Records drawn from a dataset:
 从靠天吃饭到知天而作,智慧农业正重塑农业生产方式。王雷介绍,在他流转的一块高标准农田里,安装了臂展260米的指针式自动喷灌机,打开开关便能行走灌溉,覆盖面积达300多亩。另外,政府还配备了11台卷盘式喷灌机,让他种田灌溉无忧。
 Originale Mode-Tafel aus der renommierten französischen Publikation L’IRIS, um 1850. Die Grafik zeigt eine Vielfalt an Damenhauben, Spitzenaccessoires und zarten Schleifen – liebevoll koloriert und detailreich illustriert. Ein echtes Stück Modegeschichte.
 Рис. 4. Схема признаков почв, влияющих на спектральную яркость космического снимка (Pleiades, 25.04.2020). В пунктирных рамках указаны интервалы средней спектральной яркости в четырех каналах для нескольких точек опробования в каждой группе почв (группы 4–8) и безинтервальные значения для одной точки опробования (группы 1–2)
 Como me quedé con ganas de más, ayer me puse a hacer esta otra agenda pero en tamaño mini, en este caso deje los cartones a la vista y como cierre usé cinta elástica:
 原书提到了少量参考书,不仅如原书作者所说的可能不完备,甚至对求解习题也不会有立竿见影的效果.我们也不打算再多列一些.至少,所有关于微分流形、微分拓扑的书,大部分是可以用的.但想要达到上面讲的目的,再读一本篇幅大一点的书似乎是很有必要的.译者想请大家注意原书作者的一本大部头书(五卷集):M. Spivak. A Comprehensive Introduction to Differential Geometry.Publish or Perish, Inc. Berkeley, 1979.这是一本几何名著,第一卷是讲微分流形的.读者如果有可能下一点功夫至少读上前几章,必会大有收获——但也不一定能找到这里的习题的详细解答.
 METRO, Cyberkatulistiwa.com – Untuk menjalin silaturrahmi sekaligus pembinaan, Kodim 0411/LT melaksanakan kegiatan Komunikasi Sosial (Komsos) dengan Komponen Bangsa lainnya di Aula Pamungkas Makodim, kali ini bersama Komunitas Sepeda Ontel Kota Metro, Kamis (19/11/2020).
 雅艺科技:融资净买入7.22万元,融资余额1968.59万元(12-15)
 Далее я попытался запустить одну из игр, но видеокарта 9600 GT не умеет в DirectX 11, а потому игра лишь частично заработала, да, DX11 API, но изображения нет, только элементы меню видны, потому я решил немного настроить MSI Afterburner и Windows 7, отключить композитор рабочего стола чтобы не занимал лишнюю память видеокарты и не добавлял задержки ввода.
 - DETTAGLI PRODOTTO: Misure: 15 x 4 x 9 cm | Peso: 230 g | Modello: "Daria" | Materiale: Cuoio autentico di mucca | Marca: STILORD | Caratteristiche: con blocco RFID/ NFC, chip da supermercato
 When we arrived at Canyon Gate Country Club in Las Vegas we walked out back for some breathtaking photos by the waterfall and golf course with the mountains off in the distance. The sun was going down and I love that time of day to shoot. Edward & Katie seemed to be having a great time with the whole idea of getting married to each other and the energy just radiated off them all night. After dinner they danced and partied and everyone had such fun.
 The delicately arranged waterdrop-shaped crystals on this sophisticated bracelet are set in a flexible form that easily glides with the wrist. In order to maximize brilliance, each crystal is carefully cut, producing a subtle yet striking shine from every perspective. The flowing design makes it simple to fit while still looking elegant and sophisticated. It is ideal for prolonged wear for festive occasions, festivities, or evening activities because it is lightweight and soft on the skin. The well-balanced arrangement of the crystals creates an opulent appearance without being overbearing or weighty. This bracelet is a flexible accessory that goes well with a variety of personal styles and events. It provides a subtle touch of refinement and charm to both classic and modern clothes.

Work to complete ->
Transcribe the lines above between the line holding "- DETTAGLI PRODOTTO: Misure: 15" and the line holding "When we arrived", inclusive, exactly as they stand and with nothing added.

Result for this exercise ->
 - DETTAGLI PRODOTTO: Misure: 15 x 4 x 9 cm | Peso: 230 g | Modello: "Daria" | Materiale: Cuoio autentico di mucca | Marca: STILORD | Caratteristiche: con blocco RFID/ NFC, chip da supermercato
 When we arrived at Canyon Gate Country Club in Las Vegas we walked out back for some breathtaking photos by the waterfall and golf course with the mountains off in the distance. The sun was going down and I love that time of day to shoot. Edward & Katie seemed to be having a great time with the whole idea of getting married to each other and the energy just radiated off them all night. After dinner they danced and partied and everyone had such fun.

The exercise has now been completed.